With a slight inclination of his head to the breathless audience Michael passed swiftly down the aisle and out into the night, and the organist, by tremendous self-control, kept on playing softly until the excited people who had drifted usherless into the church got themselves out into their carriages once more.

Michael walked out into the night, bareheaded still, his eyes lifted to the stars shining so far away above the city, and said softly, with wondering, reverent voice: “Oh, God! Oh, God!”

CHAPTER XXIV

Following hard upon the interrupted wedding came other events that not only helped to hush matters up, but gave the world a plausible reason why the ceremony did not come off as soon as the groom was convalescent from what was reported in the papers to be an attack of acute indigestion, easily accounted for by the round of banquets and entertainments which usually precede a society wedding.

During that eventful night while Starr still lay like a crushed lily torn rudely from its stem, her mother, after a stormy scene with her husband, in which he made it plain to her just what kind of a man she was wanting her daughter to marry, and during which she saw the fall of her greatest social ambitions, was suddenly stricken with apoplexy.

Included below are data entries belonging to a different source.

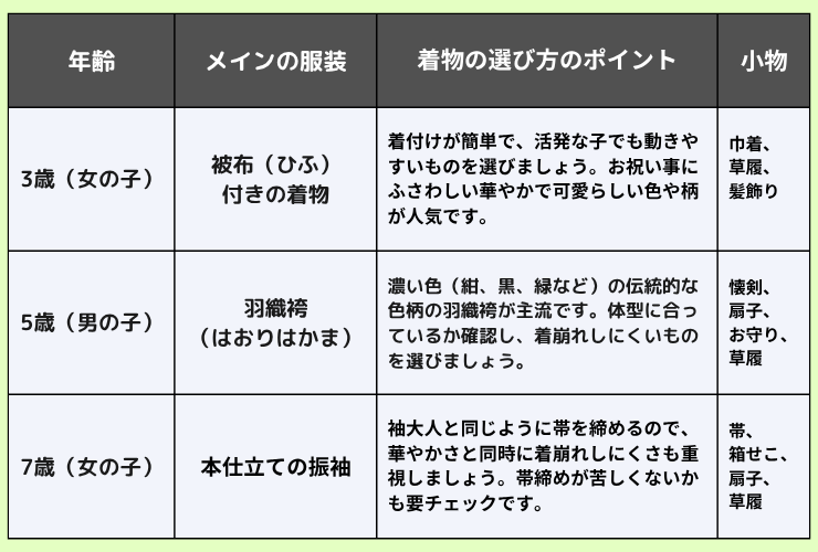 年齢ごとの衣装の意味や必要な小物を把握しておきましょう。
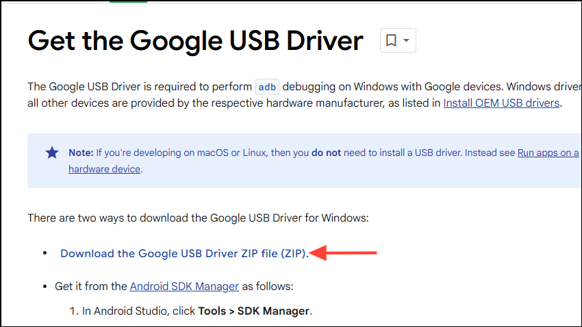 如果電腦無法檢測到 Android 手機,則輸入的快速啟動命令將無法正常運作。這可能是由於驅動程式故障或不相容,因此需要手動下載並安裝 Google USB 驅動包。
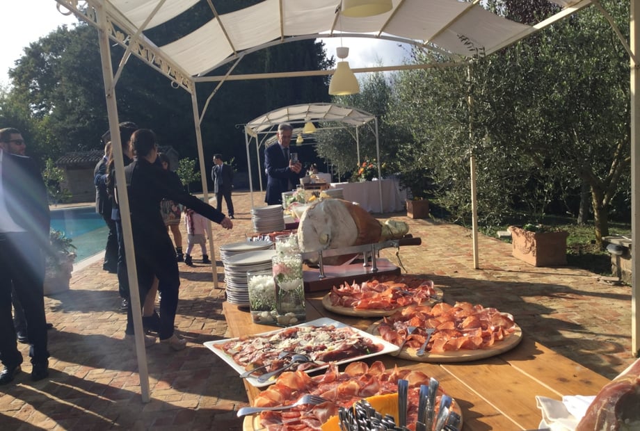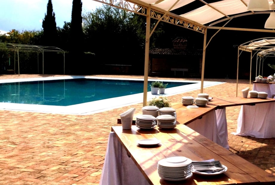 The venue excels for destination wedding weekends. On-site chalets (40 sqm, sleeping 4 with kitchenettes, wooden beams, terracotta floors) mean you and your loved ones stay together, turning your wedding into a mini-holiday. Guests rave about morning-after pool days, exploring Trevignano Romano's lakeside beaches, or easy day trips to Rome's treasures. Menus feature house-made Italian cuisine with excellent local wines, served in light-filled spaces or al fresco amid olive groves. Extend your celebration into a full weekend! Our tailored packages include on-site chalets for all guests, unlimited pool access, and full board (breakfast, lunch, dinner with wines) the days before/after your wedding. Perfect for relaxed mornings by the lake or post-ceremony pool parties. Inquire for custom quotes.
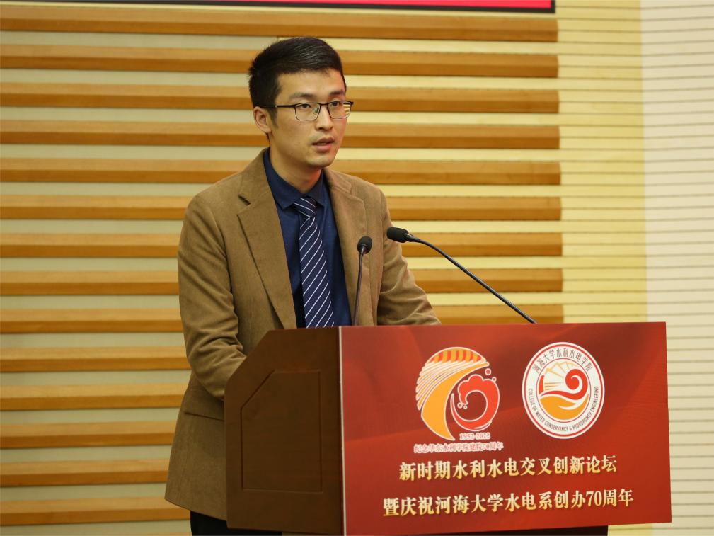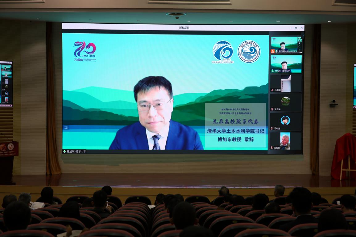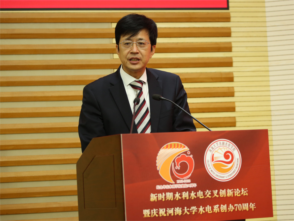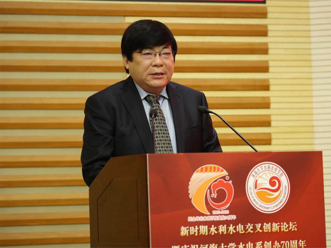 唐洪武代表学校向线上线下的各位嘉宾表示热烈欢迎。他指出,水电系从建系初期艰苦创业,到河川系时期开拓奋进,从改革开放以来提高发展,再到进入新时代以后创新引领,水电系作为一个团结奋斗的集体,完成了从初创到逐渐成长壮大的蜕变,在多个领域取得全球一流科研成果,实现国际“并跑”,甚至“领跑”。七十年来,学院始终站在学校办学的第一梯队,始终是学校发展的一张王牌,为推动学校“双一流”建设和服务国家水利事业发展作出了重要贡献。他希望,学院要以建系七十年为新的起点,在更广阔的历史舞台上发出水电声音,作出水电表率,成就水电事业。一要担当使命,坚持为党育人、为国育才,始终将家国情怀牢记心间,以深沉热爱矢志奋斗,培养能够担当民族复兴大任的时代新人。二要持之以恒加强新时代教师队伍建设,引导教师成为学生为学、为事、为人的“大先生”,注重教学科研育人并重,做到出人才、出成果、出经验、出示范。三要集聚力量引领水利工程学科创新发展,始终锚定“四个面向”,塑造创新创造新动能,挖掘水利学科发展新优势,努力将学院建设成为世界顶尖的水利人才培养标杆和科技创新旗帜。
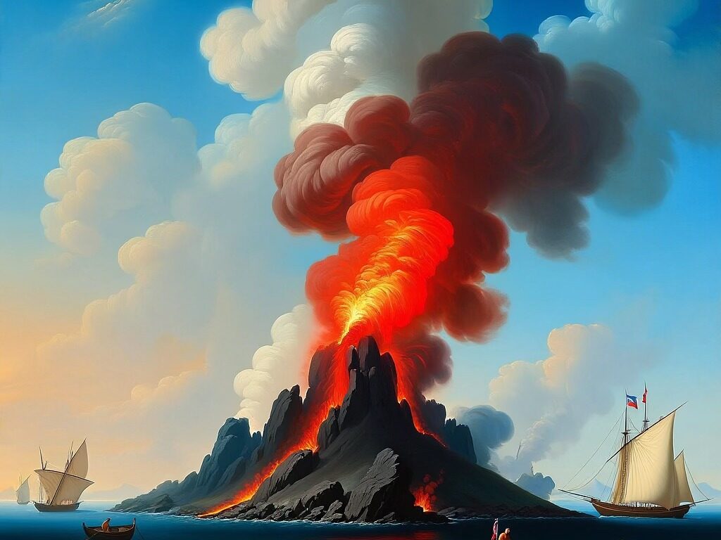 ഇവിടെ കാണുന്നത് 1831 ൽ ദ്വീപ് നേരിട്ട് കണ്ട ഫ്രഞ്ച് ജിയോളജിസ്റ്റ് കോൺസ്റ്റന്റ്റ് പ്രെവോസ്റ്റ് വരച്ച ചിത്രങ്ങളെ ബേസ് ചെയ്ത് AI കൊണ്ട് വരപ്പിച്ച ഇമേജ് ആണ്.
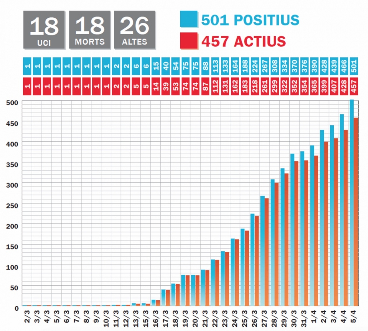 La mort d’un dels pacients ingressat a la unitat de cures intensives ha elevat a 18 el nombre de defuncions per la Covid-19, segons ha explicat aquest migdia el ministre de Salut, Joan Martínez Benazet, que ha precisat que els casos diagnosticats superen ja el mig miler (501).
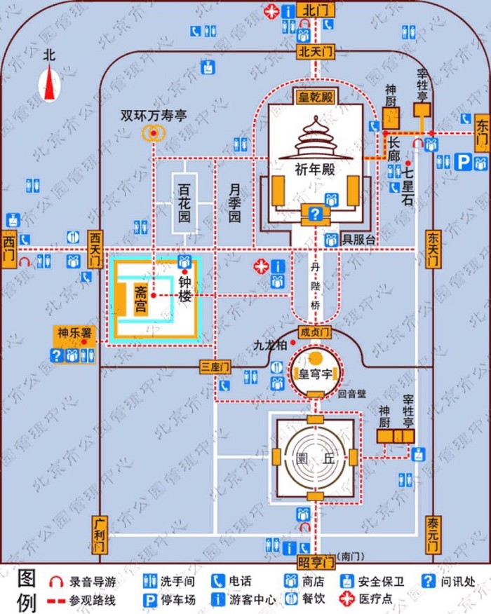 天坛,最早可以追溯到明永乐年间,当初在建造的时候其名称也不叫天坛,叫天地坛,其作用就是用来祭天祈谷。如果你对历史足够的了解,你会发现天坛的建造还有一层政治含义:燕王朱棣为迁都北京做准备,其后经历了明清两代,在清朝又经历了多次修建。如果你对天坛足够了解,仔细观察天坛的游览图你会发现,天坛的主体建筑是祈年殿,斋宫,圜丘。我们现在看到的天坛为清代修建后的,但是在一些建筑上还是能看到一些明朝建筑布局的布局:可以通过神乐署凝禧殿遥想当年的大四殿。天坛集中国古代建筑学、声学、历史、天文、音乐、舞蹈等成就于一体,也正是如此 ,才吸引着各国领导人缤纷驻足。
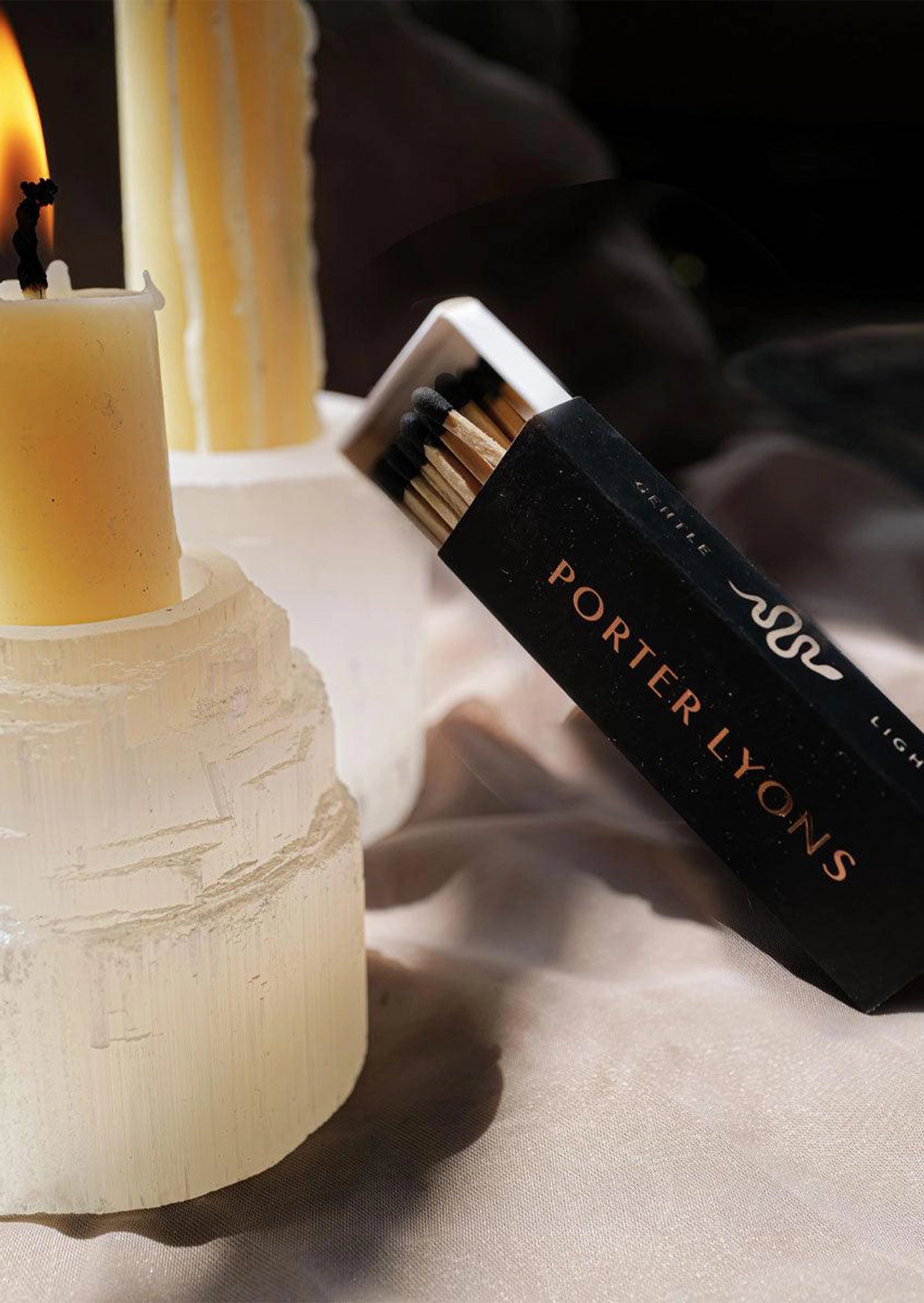 Porter Lyons signature long matchboxes feature wooden, black-tip matches in a rose gold foil box. Gentle light.

The papers next morning told the news as sympathetically as a paper can tell one's innermost secrets. It praised the wonderful ability of the woman who had so successfully completed all the unique arrangements for what had promised to be the greatest wedding of the season, if not of all seasons; and upon whose overtaxed strength, the last straw had been laid in the illness of the bridegroom. It stated that now of course the wedding would be put off indefinitely, as nothing could be thought of while the bride's mother lay in so critical a state.

For a week there were daily bulletins of her condition published always in more and more remote corners of the paper, until the little ripple that had been made in the stream of life passed; and no further mention was made of the matter save occasionally when they sent for some famous specialist: when they took her to the shore to try what sea air might do; or when they brought her home again.

But all the time the woman lay locked in rigid silence. Only her cold eyes followed whoever came into her room. She gave no sign of knowing what they said, or of caring who came near her. Her husband's earnest pleas, Starr's tears, drew from her no faintest expression that might have been even imagined from a fluttering eyelash. There was nothing but that stony stare, that almost unseeing gaze, that yet followed, followed wherever one would move. It was a living death.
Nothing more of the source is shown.